Tuesday, December 31, 2019

VISITED BY SASQUATCH

...I seen ‘um!..  

One October back in 1983 or ’84, I was completing my first extended motorcycle road trip on a spanking new BMW R65 – my first really high-quality vehicle of any type.  Leaving Eureka in the late afternoon, I figured I’d take California’s state route 299 across to Redding and shoot down I-5 and route 99 to Chico where I lived at the time.

When on a motorcycle, three conditions are troubling, even to the experienced rider which, at the time, I was not: light rain, lengthening dusks and a newly chip-sealed roadway.  Chip sealing is when they lay crushed gravel over fresh oil to prevent the original pavement from cracking.  The loose gravel makes it hard to control a two-wheeler even on the best of days.

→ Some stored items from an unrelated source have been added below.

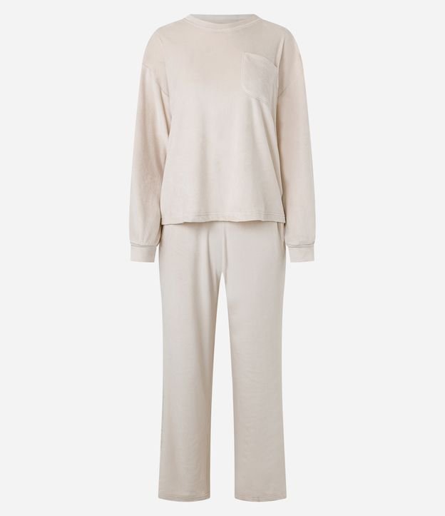 Pijama Pesado Feminino Plush Manga Longa Bege
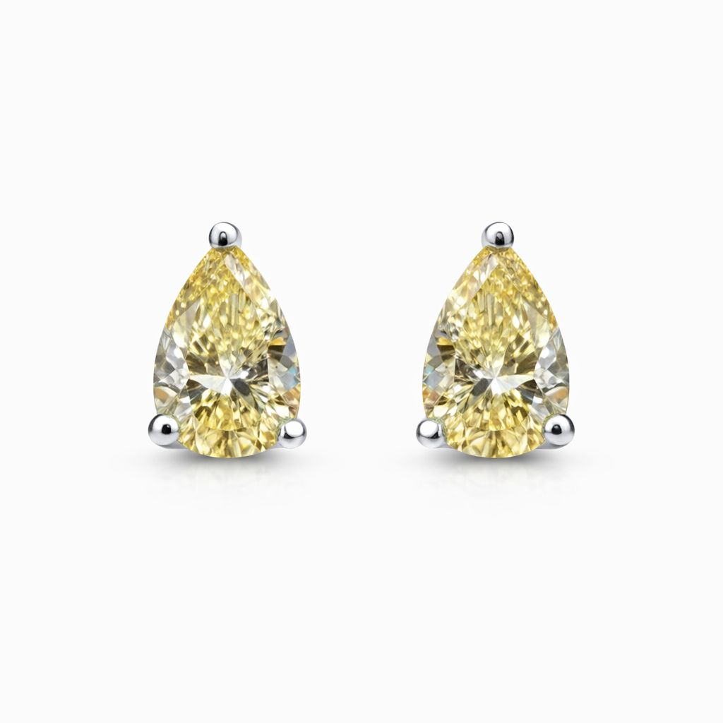 BRINCO EM RODIO BRANCO COM PEDRA GOTA AMARELA
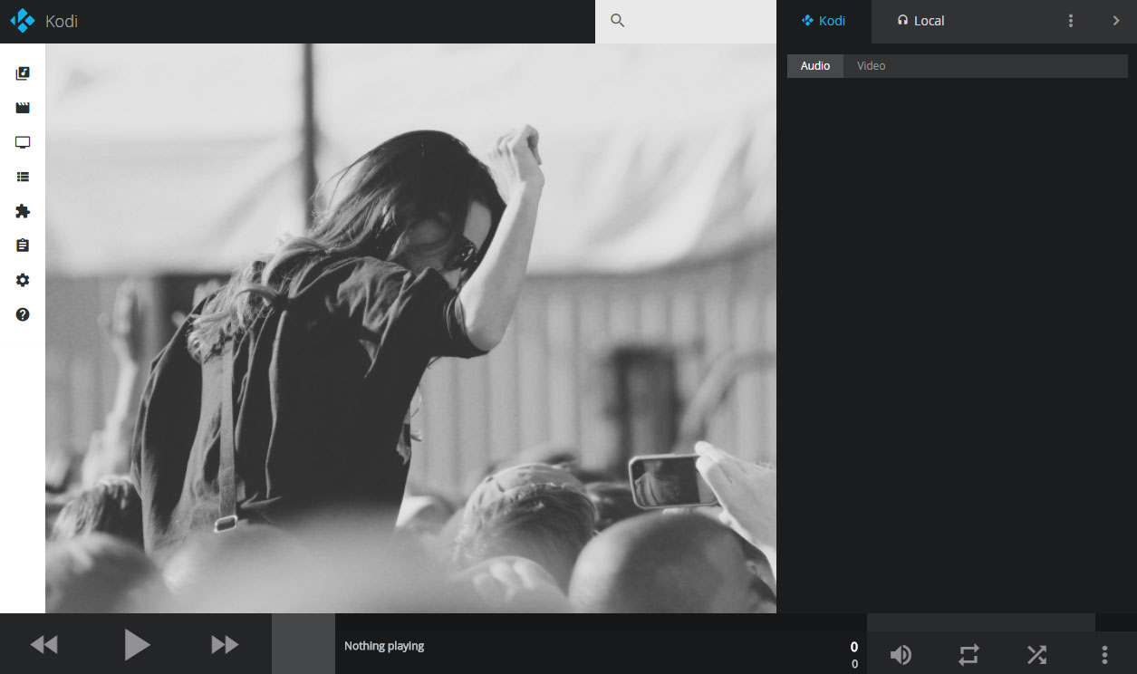 Once you’ve opened up the web interface, you can start using it to control your Kodi. First of all, you should look at the grey bar at the bottom of the screen. This is where information about currently playing media is displayed. You can use the back, forward, and play/pause buttons on the left to control what is currently playing. On the right, you’ll find control for volume, repeat, and shuffle. In the middle you’ll see a thumbnail and description of the currently playing media.

A few miles east of US 101 on 299, a light rain began to fall.  Shortly after whatever that first or second summit is called, I came across the dreaded chip seal just as the dusk began to gather.  My planned 55- to 60-mile-per-hour cruise along the Trinity River deteriorated to a white-knuckled 25-mile-per-hour crawl through the inkiness of an October nightfall.  I wound over ridges foreign to me and into canyons which may have had no bottom.  Illuminated briefly – menacingly – in the sweeping throw of the headlight: sinister pines and firs that lurking over the twisting pavement and naked rocky outcrops rising from of the gloom at the highway’s edge.  And cliffs!  I was certain there were cliffs.  And voids!  Dark voids!  Deep ones!  After a time, my nerves – or, perhaps, my good sense – got the best of me. I wanted to press on; but didn’t want to risk crashing my German motorrad masterpiece.  If I did, who would find me in the fog-cloaked, dreary darkness?  And if so, when?  My palms turned wet and cold, and it wasn’t from the rainfall.  

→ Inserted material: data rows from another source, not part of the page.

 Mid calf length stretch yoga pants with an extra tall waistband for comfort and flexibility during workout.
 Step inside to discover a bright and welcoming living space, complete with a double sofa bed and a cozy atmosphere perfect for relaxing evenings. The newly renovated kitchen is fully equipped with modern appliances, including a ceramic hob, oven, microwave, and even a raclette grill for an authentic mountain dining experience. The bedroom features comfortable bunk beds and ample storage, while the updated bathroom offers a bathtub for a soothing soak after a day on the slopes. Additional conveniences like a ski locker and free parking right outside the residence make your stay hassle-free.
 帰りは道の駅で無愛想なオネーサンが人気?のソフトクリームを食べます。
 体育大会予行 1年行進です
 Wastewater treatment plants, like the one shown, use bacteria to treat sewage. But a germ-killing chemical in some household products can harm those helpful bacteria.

The roadside federal campground was gated, but I slipped in.  The same authority who wouldn’t see me had I crashed into the canyon, wouldn’t see me sacked out here.  Setting the Beemer on her side stand, I pulled my tent from the tail rack, fumbled around to find a flat spot to set the thing, wrestled it out of its bag and into position and crawled in.  Given the circumstance, I was far too wound up to fall asleep.  Lightly, however, to the lullaby-like rush of the nearby Trinity, I probably dozed.


Sometime in the night, I was stirred by a scritch-scritching noise outside the tent and the irregular light thumps of something impacting the tent’s fabric.  I found the flashlight I’d stuffed in my boot for safe keeping and poked my head out.  The rain had abated.  I arced the weak flashlight beam side to side and then in circles, finding I’d pitched my tent beneath an ancient oak. All was still save for a shadowy, subtle movement partially hidden by the trunk.  Tracing the trunk’s height, the light’s dimming glow flashed across two huge greenish-golden disks simmering perhaps six feet – maybe seven – from the ground.  I trained the light on those glowing disks.  I figured they were eyes – eyes of some nocturnal mammal – but I had no idea what beast these might belong to.  A bobcat?  Ringtail?  Raccoon?  Sas… Sasqua… BIGFOOT!?!

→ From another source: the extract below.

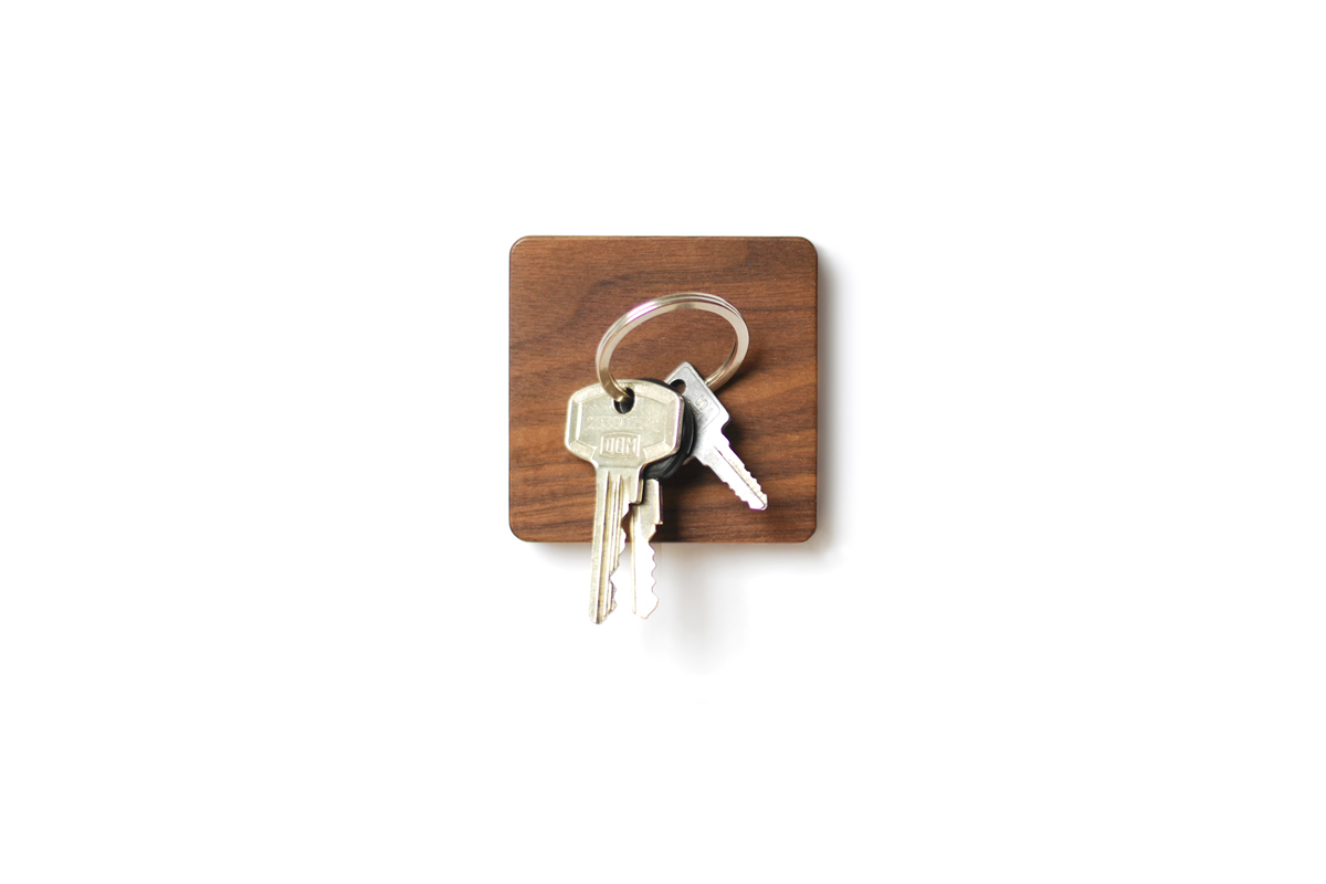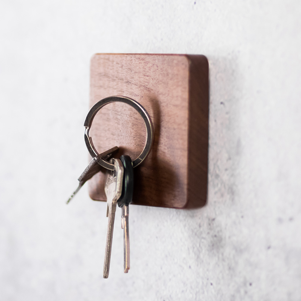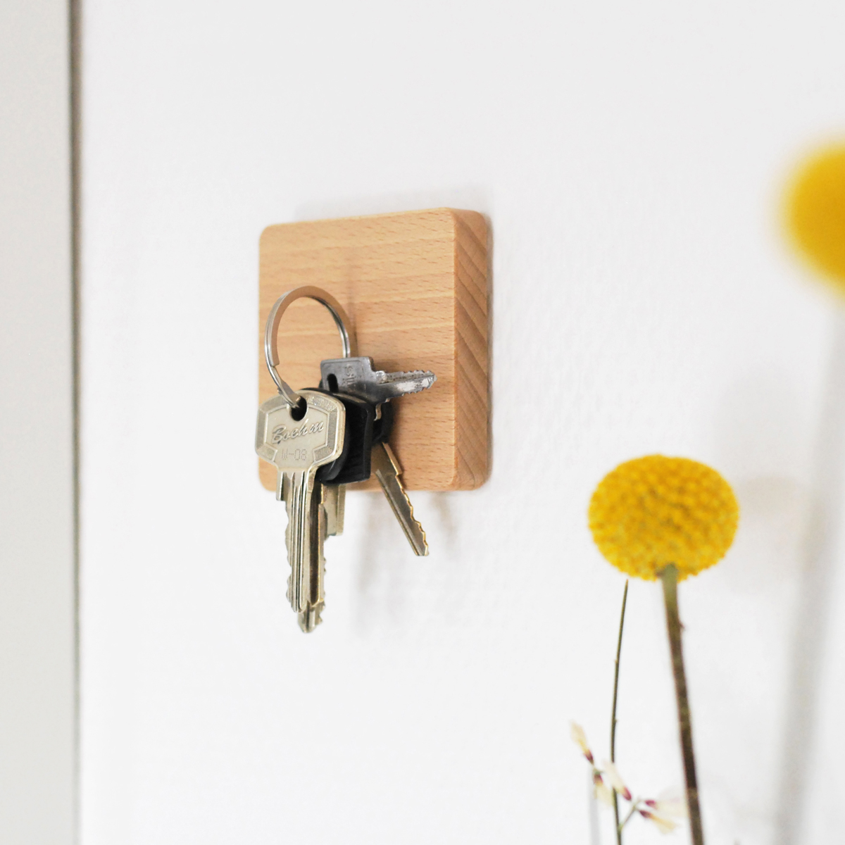 Ich würde empfehlen, einen Schlüsselring zu benutzen, der magnetisch hält. Ersten bekommt man dann leichter mehrere Schlüssel an das Quadrat und zweitens entstehen nicht so schnell Kratzer auf dem Holz.

I ducked my head back inside the tent and zipped the flimsy opening shut, like that was going to do me any good.  Eyelids pinned open, I sure as hell wasn’t going to be able to sleep now.  So, I lay in my sleeping bag with a pounding heart drowning out any river’s lullaby, looking at maps – I hadn’t packed a book – until my flashlight battery died.


The next morning dawned clear and cold.  I briefly inspected the area near the base of the old oak for signs of the previous evening’s scritchy-scritch and light pelting thumps.  Perhaps a footprint?  No.  Nothing but duff – aromatic from the previous night’s drizzle – but still, just undisturbed, not-recently-stepped-upon duff.  There was little to do but shrug and pack up. Collapsing the tent, I noted a small assemblage of acorns collected against one side where they’d seemed to have rolled off the fabric.  

I mounted the Beemer and made my way back through the gate and onto 299 East.  About a quarter mile from where I’d pulled into the campground, the chip sealing project ended.